Whilst the results of this analysis are very promising, the research is not without its limitations. The role of a single fasting glucose measurement to act as a predictor of NAS ≥ 4 and F ≥ 2 can be an inferior predictor compared to some other indicator of glycaemic control such as HbA1c, HOMA-IA, previous diagnosis of diabetes or current usage of antidiabetic medications, but none of these were consistently collected in the analysed dataset. Fasting glucose varies after meals, exercising or antidiabetic medications and this whilst it is common for glucose measurements to be assumed fasting, they may in fact reflect recent food intake, which can introduce bias.
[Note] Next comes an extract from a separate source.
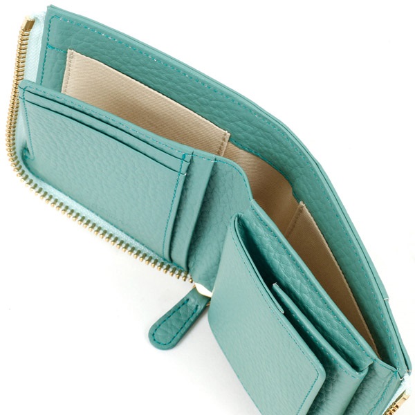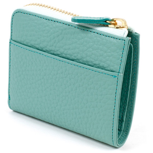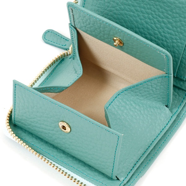 本体とファスナーテープのカラーコンビがポイントの二折財布。カラーコンビが映えるシンプルなデザインで、前面には箔押しのKITAMURAロゴをあしらいました。最低限のカードと、お札、小銭が入るコンパクトなサイズ感で、ミニバッグでのお出かけにもおすすめ。開閉はL字ファスナーで、小銭入れは中身が見やすく取り出しやすいボックスタイプです。

However, other studies suggested that fasting glucose is higher in patients with NASH, highlighting the potential use as a predictor of coexisting diabetes and NASH51,53. Another consideration that should be noted in studies of this nature is the potential for discordance with biopsy results as a result of a large time interval between measurements. The mean time interval for this study was 66 days, in which one would not expect any major change in the health of the liver in the absence of pharmaceutical intervention; however, in some cases the interval was up to 10 months. Whilst fibrosis has been reported to take up to 7 years to progress54, these intervals may influence the interpretability of the data in this cohort. Further validation studies should aim to minimise this interval where possible. It should also be noted that the sample size analysed in this study was relatively small, and future studies with larger datasets are required to independently validate the diagnostic performance of the model.

Conclusion

While the individual biomarkers of cT1, fasting glucose and AST yielded good discriminatory performance in identifying progressive NASH, a composite of all three, the cTAG score, greatly improved the performance. The non-invasive, objective and organ-specific nature of cT1 compliments these routinely measured blood analytes. Together, this highlights the potential utility of cTAG in identifying patients at increased risk of disease progression who would be suitable for pharmacological therapy, either as part of a clinical trial or in routine clinical practice as treatments become available. Further research, possible exploring more stable and accurate markers of insulin resistance, are warranted in order to validate the model in independent cohorts with larger sample sizes and varying disease prevalence.